> [Task item]
A single number is the whole answer: how many lines in this listing contain "where".

> [Data supplied]

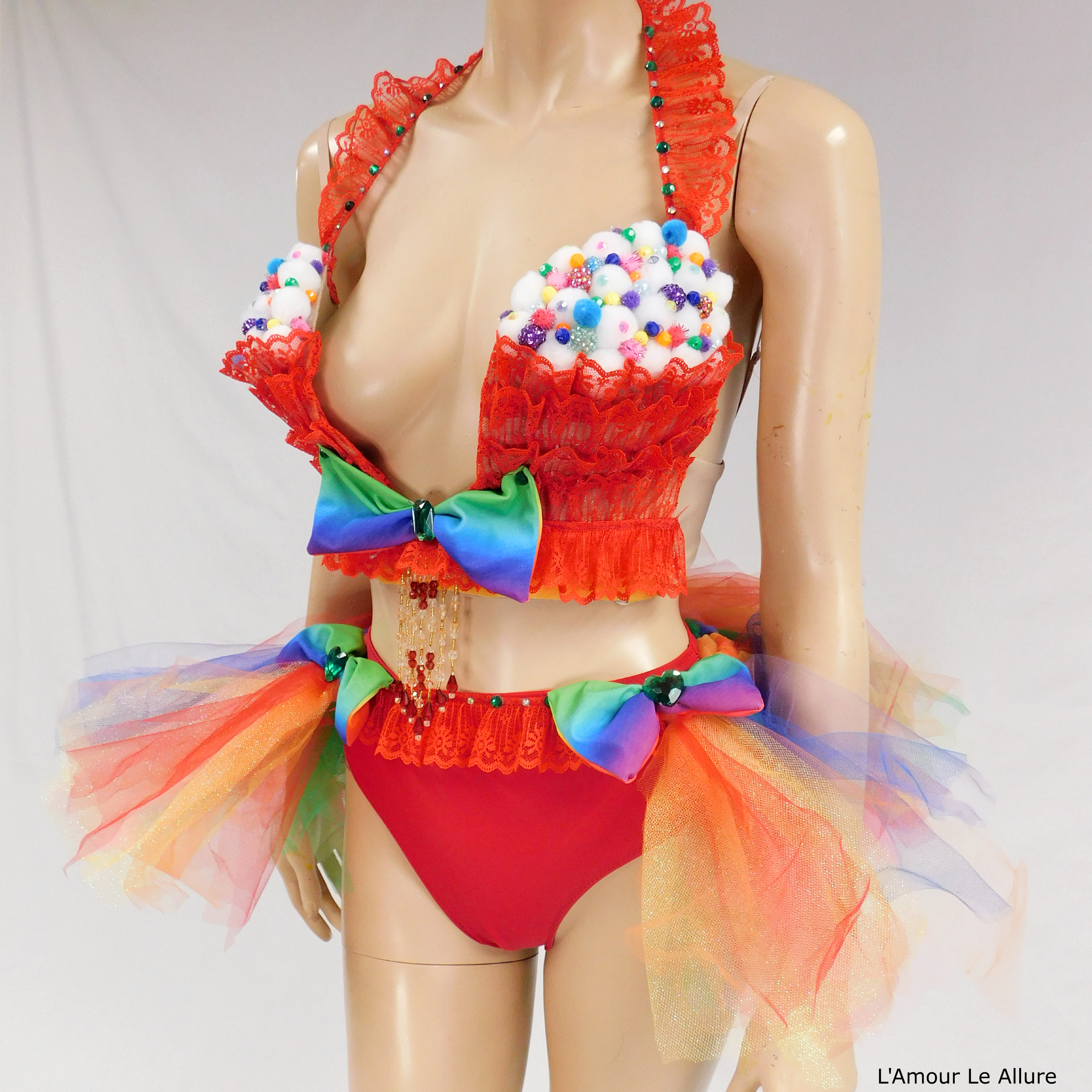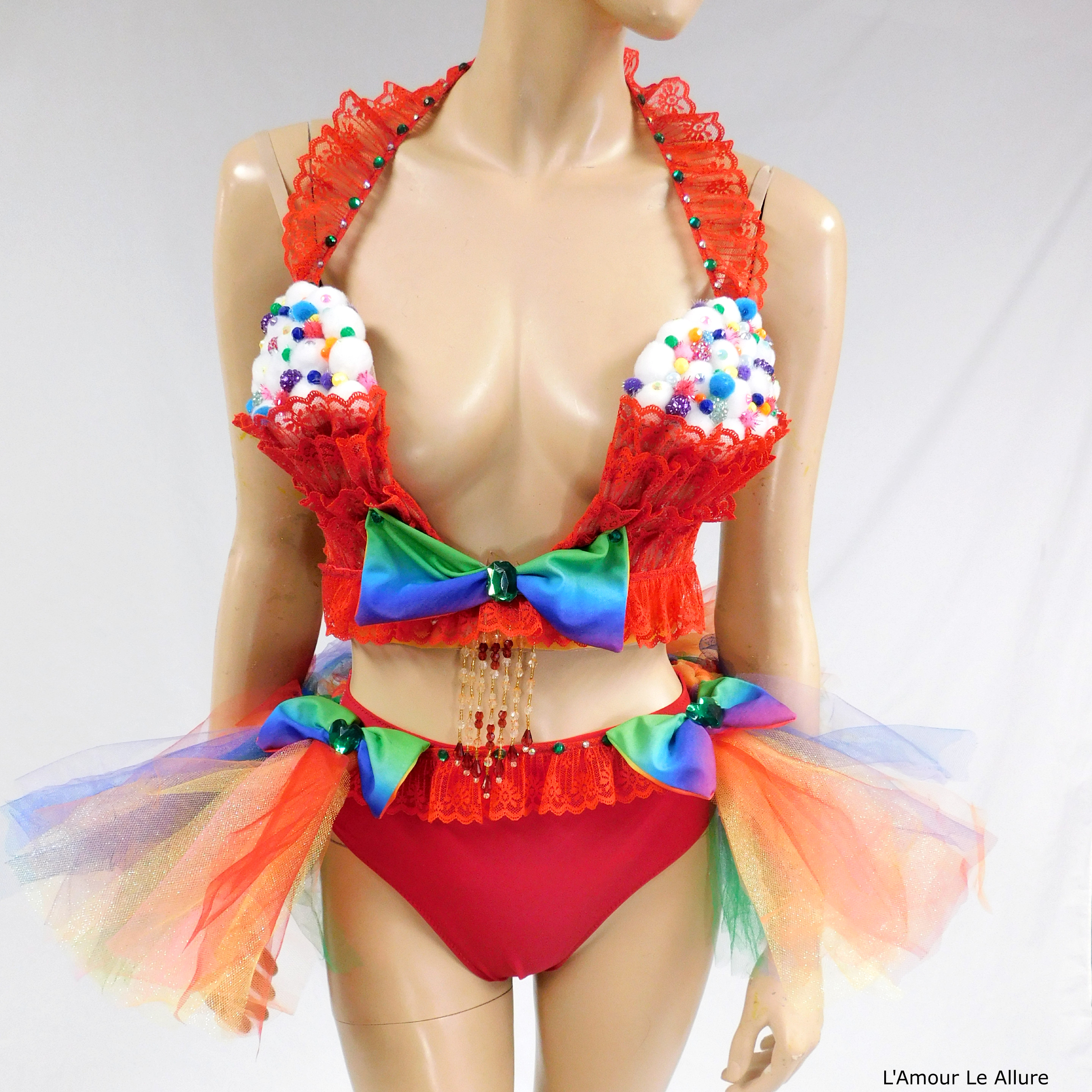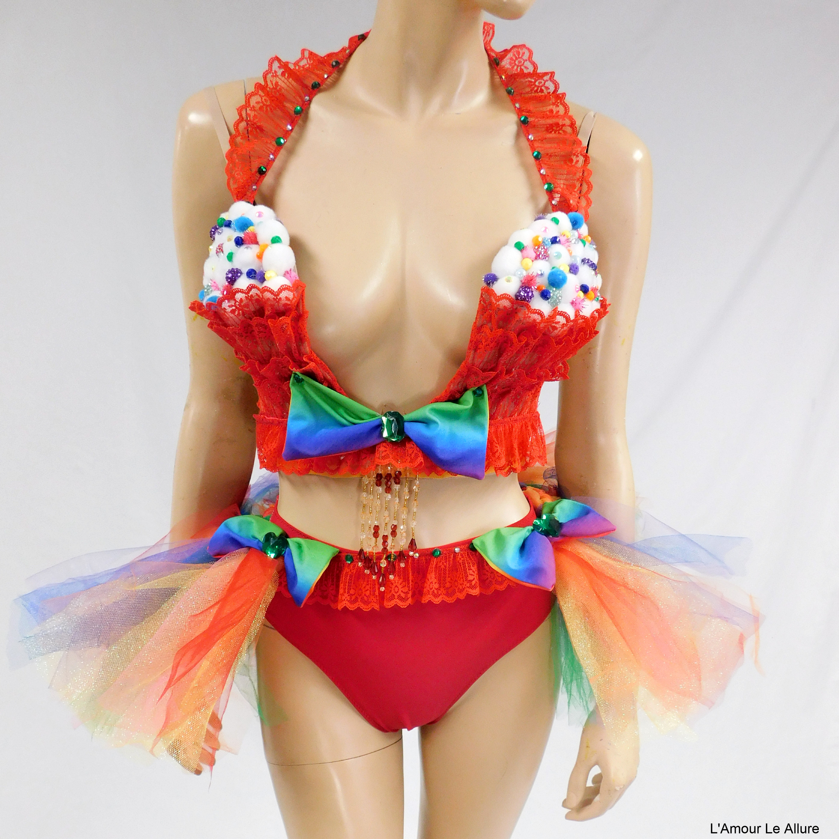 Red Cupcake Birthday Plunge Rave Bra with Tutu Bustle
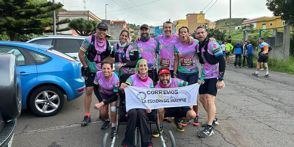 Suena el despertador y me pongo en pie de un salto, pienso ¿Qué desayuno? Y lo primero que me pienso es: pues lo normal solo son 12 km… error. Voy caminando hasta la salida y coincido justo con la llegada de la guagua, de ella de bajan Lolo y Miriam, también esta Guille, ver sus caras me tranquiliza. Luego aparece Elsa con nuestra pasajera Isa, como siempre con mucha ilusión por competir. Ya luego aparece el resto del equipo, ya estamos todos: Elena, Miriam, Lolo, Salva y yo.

---

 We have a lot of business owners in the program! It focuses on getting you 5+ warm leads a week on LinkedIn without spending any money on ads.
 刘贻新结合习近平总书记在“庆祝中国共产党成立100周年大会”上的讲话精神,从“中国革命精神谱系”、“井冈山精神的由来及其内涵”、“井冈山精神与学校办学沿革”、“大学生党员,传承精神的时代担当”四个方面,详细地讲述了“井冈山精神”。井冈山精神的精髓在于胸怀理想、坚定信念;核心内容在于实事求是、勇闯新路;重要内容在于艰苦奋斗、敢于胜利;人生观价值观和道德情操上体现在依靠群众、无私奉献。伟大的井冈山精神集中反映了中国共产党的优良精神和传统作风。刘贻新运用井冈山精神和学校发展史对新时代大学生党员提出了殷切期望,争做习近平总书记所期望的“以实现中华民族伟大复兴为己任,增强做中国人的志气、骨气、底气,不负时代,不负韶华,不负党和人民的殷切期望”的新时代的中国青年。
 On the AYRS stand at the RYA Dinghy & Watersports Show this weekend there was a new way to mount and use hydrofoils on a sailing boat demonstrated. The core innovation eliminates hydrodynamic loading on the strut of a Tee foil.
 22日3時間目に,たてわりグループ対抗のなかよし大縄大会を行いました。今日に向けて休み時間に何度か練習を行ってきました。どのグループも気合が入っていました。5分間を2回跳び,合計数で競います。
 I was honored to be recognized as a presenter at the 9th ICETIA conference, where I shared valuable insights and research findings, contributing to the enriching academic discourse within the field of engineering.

...

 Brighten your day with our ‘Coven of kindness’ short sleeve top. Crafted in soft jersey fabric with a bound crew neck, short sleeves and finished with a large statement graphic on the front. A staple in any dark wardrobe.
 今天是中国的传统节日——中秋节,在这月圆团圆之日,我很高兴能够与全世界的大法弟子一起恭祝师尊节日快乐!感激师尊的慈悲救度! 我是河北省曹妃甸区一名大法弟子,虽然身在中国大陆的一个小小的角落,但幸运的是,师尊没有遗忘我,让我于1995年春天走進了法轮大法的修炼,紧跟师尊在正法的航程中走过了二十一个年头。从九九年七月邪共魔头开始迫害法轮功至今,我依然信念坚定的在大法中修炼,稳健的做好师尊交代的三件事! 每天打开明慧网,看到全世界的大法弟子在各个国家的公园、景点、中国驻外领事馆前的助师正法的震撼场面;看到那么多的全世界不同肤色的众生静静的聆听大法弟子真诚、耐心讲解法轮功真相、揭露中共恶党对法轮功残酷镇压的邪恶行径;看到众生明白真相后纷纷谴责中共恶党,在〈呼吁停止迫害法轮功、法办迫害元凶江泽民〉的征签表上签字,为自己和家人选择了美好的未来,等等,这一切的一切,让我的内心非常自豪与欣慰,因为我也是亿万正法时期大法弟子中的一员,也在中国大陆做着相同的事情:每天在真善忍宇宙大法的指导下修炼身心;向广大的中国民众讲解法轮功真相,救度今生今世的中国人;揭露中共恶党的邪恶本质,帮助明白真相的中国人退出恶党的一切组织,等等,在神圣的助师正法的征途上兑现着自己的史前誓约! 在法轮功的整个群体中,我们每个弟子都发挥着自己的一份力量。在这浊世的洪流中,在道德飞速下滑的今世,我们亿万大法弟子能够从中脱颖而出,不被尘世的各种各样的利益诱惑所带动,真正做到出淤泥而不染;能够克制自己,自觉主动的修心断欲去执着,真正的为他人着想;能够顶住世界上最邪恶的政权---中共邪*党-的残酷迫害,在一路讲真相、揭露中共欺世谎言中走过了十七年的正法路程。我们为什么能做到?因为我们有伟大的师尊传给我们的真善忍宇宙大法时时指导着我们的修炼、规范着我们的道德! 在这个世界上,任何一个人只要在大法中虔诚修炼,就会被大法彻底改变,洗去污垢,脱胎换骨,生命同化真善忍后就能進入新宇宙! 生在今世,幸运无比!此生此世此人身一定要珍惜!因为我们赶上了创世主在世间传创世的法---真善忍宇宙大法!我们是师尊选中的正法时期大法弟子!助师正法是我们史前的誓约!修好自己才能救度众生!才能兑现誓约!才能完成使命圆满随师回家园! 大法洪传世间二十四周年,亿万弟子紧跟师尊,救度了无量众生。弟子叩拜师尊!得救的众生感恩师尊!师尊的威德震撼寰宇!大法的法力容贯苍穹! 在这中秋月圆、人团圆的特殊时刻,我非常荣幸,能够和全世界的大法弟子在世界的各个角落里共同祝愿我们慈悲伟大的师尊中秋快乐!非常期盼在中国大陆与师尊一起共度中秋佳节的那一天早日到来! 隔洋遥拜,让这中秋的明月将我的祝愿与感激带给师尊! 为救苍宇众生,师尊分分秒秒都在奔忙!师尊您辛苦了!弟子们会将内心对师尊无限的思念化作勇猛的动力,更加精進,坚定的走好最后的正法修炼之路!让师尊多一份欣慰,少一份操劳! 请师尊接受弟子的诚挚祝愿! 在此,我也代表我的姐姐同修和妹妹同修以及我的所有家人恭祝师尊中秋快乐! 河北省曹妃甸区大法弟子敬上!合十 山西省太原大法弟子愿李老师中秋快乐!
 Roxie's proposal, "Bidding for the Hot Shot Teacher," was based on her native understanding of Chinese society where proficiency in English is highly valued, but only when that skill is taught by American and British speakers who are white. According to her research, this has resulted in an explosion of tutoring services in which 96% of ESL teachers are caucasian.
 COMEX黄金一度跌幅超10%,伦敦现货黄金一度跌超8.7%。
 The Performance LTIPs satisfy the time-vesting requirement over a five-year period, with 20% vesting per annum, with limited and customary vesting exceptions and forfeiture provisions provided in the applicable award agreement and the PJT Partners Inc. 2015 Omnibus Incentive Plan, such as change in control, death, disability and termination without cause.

> [Response]
2